[[ DATA BELOW, beginning ]]
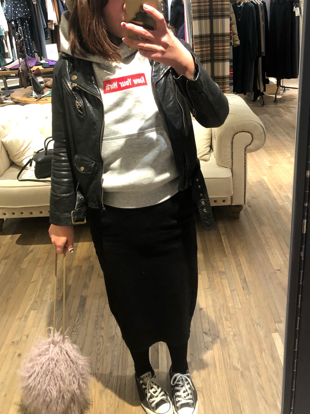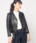 チエのライダースジャケット「【beautiful people(ビューティフルピープル)】レザーライダースMAIN」を使ったコーディネート
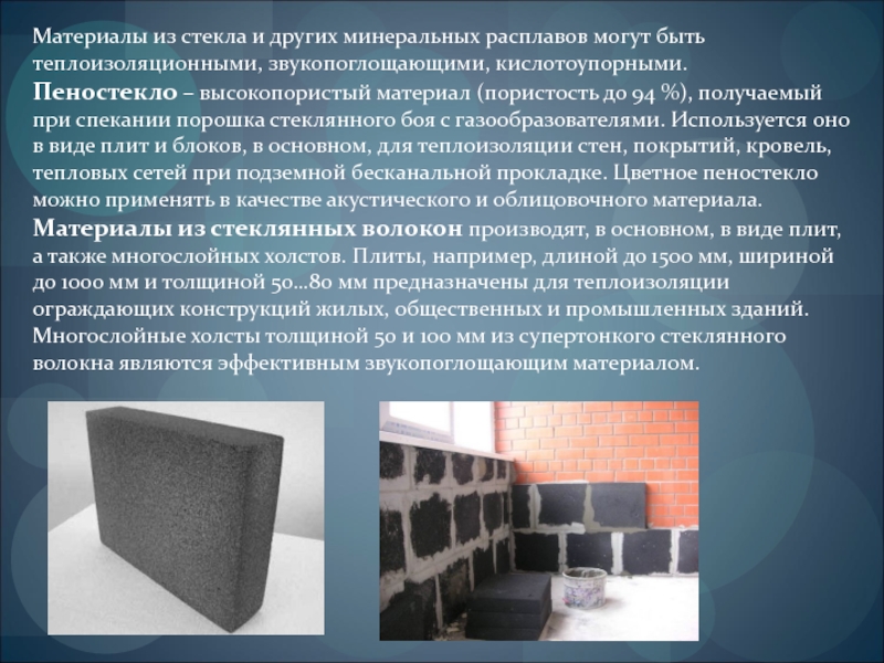 Слайд 29Материалы из стекла и других минеральных расплавов могут быть теплоизоляционными, звукопоглощающими,
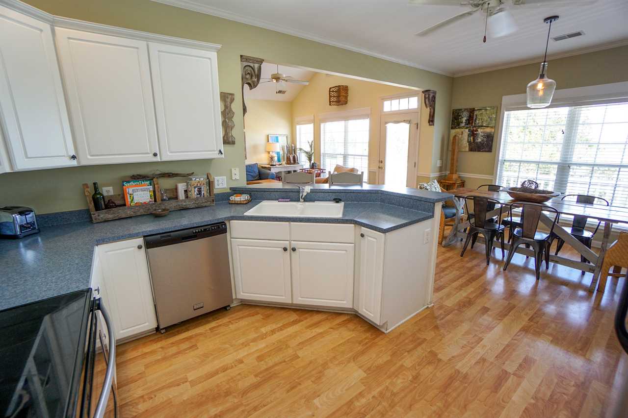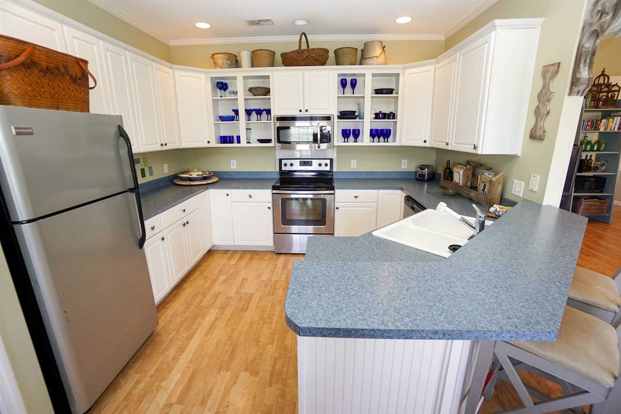 The kitchen has new appliances and is stocked with all of your cooking needs including utensils, glassware, dishes, and pots and pans to cook up your fresh catch of the day. Just down the hall is a full-size laundry room.
[[ DATA BELOW, end ]]
*TASK PROMPT*
An exact copy of the listing above, minus its pictures, is what is needed here.

*EXERCISE RESPONSE*
 チエのライダースジャケット「【beautiful people(ビューティフルピープル)】レザーライダースMAIN」を使ったコーディネート
 Слайд 29Материалы из стекла и других минеральных расплавов могут быть теплоизоляционными, звукопоглощающими,
 The kitchen has new appliances and is stocked with all of your cooking needs including utensils, glassware, dishes, and pots and pans to cook up your fresh catch of the day. Just down the hall is a full-size laundry room.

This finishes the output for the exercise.